Israeli singer-songwriter (1960–2017)

Meir Banai (מאיר בנאי; 5 July 1960 – 12 January 2017) was an Israeli musician, singer, and songwriter.

==Biography==
Meir Banai was born in Jerusalem in 1960, the son of Yitzhak Banai, to a traditional Jewish family which has produced various actors and singers, such as Orna Banai, Eviatar Banai, Ehud Banai, Yuval Banai, and Yossi Banai.

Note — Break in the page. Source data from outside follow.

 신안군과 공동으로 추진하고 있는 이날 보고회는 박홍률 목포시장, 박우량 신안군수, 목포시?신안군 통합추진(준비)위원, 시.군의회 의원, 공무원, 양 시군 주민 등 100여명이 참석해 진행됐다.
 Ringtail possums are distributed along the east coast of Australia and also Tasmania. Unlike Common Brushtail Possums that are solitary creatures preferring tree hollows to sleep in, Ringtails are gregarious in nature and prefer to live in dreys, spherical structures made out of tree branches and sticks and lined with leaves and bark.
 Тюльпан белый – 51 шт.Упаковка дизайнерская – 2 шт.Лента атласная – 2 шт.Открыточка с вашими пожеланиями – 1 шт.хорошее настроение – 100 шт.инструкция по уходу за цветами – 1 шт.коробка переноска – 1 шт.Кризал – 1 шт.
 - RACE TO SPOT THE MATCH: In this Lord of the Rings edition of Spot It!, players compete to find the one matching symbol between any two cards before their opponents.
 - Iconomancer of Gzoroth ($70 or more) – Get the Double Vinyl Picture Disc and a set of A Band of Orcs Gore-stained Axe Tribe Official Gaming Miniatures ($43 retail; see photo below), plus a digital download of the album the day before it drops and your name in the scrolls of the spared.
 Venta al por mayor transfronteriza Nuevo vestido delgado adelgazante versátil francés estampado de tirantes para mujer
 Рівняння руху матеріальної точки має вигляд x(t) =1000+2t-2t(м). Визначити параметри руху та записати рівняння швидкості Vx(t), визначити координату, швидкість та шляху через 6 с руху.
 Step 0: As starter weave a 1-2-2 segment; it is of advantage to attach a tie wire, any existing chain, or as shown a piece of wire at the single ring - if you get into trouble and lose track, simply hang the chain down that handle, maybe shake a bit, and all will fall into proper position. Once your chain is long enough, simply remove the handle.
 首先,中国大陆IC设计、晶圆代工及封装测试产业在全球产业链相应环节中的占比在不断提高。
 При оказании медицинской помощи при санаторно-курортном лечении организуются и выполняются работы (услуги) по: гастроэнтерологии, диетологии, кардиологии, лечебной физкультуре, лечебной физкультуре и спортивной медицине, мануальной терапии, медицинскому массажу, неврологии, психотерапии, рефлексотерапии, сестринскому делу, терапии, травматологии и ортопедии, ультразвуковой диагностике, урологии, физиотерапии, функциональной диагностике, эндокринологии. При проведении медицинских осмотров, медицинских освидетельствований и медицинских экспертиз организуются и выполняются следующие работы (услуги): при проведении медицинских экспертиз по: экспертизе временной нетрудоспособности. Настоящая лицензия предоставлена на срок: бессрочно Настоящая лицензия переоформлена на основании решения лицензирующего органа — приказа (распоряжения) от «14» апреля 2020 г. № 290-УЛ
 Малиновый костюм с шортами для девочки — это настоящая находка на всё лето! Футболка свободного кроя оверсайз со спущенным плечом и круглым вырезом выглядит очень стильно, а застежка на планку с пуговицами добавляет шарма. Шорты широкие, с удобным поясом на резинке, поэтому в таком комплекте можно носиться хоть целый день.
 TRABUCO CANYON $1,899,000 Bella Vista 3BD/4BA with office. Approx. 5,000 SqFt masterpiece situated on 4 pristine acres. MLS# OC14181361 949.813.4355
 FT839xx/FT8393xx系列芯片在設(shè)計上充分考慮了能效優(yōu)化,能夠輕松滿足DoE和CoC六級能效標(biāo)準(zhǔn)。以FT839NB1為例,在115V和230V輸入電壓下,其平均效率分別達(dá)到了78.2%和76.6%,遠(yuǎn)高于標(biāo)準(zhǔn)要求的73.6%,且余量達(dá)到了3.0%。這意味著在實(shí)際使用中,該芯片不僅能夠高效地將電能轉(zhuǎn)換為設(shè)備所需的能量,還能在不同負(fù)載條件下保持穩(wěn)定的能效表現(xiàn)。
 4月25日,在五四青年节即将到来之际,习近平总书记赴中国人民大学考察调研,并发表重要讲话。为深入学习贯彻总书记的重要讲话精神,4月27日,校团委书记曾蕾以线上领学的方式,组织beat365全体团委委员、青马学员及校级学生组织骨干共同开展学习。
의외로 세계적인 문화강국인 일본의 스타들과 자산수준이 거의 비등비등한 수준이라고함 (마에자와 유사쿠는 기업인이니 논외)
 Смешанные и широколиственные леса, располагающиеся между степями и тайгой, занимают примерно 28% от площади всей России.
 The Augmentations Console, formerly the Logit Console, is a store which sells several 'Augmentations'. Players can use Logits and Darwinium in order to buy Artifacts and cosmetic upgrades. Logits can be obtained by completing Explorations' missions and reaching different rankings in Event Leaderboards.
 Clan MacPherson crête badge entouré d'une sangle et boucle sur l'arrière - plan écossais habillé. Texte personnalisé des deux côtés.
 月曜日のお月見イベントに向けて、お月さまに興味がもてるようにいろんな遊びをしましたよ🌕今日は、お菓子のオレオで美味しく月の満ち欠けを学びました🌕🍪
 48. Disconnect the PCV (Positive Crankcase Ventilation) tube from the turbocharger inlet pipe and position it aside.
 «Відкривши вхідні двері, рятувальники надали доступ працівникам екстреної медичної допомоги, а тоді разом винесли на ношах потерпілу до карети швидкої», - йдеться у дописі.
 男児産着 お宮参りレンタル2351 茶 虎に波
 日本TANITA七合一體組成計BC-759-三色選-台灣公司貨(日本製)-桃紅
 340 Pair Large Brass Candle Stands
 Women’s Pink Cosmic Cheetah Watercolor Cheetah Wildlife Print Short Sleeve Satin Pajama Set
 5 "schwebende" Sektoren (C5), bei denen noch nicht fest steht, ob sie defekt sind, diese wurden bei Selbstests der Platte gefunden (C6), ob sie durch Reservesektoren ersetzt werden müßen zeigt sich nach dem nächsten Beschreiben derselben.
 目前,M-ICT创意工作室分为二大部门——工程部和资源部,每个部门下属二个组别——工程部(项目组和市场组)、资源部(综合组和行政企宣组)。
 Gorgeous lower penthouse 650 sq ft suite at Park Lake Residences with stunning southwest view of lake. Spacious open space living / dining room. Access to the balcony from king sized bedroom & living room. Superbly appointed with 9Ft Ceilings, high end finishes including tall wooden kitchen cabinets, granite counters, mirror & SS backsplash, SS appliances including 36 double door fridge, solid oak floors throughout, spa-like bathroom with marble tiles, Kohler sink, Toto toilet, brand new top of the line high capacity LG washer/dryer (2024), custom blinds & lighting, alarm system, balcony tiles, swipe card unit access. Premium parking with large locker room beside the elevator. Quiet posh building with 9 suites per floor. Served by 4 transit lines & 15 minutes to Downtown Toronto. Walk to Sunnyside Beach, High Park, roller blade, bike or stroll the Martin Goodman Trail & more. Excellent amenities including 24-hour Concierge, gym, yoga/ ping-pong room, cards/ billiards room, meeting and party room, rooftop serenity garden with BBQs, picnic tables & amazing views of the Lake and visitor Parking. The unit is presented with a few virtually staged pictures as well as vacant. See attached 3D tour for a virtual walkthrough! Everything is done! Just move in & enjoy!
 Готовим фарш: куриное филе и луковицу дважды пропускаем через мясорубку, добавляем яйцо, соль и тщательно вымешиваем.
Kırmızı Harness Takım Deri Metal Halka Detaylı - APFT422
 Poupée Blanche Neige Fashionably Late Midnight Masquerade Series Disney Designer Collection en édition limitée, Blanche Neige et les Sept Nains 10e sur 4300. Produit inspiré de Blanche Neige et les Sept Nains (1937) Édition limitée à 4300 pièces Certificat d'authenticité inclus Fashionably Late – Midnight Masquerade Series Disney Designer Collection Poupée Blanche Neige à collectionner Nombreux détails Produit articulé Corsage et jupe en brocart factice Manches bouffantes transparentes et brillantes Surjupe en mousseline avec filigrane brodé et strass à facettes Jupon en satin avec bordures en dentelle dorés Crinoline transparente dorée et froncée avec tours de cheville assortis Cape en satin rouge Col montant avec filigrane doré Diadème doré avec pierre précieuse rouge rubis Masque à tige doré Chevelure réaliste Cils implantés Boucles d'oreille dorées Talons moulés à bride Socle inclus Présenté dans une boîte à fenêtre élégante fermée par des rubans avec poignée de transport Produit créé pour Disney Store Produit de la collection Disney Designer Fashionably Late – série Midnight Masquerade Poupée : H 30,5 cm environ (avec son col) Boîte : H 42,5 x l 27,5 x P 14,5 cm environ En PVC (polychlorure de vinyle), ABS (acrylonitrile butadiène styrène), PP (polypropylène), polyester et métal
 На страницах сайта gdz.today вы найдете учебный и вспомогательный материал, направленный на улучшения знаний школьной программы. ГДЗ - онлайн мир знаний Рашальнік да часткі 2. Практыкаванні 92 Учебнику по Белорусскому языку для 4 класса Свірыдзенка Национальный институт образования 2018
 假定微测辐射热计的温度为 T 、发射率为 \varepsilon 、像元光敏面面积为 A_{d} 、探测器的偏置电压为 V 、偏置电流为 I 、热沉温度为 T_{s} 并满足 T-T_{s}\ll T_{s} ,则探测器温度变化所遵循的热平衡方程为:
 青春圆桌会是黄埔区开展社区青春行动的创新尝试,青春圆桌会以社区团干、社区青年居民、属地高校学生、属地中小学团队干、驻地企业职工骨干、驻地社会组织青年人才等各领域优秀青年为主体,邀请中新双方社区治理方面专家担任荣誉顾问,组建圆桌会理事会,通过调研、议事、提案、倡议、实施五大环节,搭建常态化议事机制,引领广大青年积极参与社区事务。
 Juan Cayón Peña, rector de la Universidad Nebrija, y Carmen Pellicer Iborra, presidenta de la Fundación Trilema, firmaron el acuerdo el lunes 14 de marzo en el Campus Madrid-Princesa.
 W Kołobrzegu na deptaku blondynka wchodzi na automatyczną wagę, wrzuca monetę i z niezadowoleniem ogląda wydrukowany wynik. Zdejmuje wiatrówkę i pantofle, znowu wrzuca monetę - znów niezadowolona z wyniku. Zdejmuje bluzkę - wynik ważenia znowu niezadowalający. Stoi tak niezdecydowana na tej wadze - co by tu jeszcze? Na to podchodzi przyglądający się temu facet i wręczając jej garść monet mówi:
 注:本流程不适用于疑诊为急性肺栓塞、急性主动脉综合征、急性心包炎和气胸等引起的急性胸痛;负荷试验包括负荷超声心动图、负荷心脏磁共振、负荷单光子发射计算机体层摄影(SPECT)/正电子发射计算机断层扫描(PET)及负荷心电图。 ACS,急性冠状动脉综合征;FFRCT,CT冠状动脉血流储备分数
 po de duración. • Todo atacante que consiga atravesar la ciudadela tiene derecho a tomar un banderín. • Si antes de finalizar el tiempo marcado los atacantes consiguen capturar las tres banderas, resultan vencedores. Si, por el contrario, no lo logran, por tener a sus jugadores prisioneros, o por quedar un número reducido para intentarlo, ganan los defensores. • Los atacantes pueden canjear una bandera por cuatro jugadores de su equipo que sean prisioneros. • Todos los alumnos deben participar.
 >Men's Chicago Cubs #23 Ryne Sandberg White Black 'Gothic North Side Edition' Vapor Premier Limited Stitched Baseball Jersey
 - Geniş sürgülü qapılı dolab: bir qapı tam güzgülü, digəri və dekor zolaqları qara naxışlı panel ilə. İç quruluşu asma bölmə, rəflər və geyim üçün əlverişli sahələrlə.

In 1999, he and Arkadi Duchin collaborated on a very successful recording. Tal Sondak, who represented Israel at the Eurovision Song Contest in 2001, says that Banai was one of his musical influences. In March 2004, Banai made his U.S. debut at Makor in New York City.

Shma Koli ("Hear My Voice") in 2007 was a CD packed with traditional Jewish texts and prayers. The arrangements are based on traditional tunes but have been given a modern infusion. The single, "Lech Elay" became a hit as soon as it was released. Haaretz wrote that Banai, in composing some of the songs on his "excellent 'Jewish' album", created an upswing in the melody at key points in songs, in which the speaker/narrator lifts up his eyes to the heavens and calls upon God. As of February 2008, Shma Koli had sold more than 15,000 copies, according to NMC figures).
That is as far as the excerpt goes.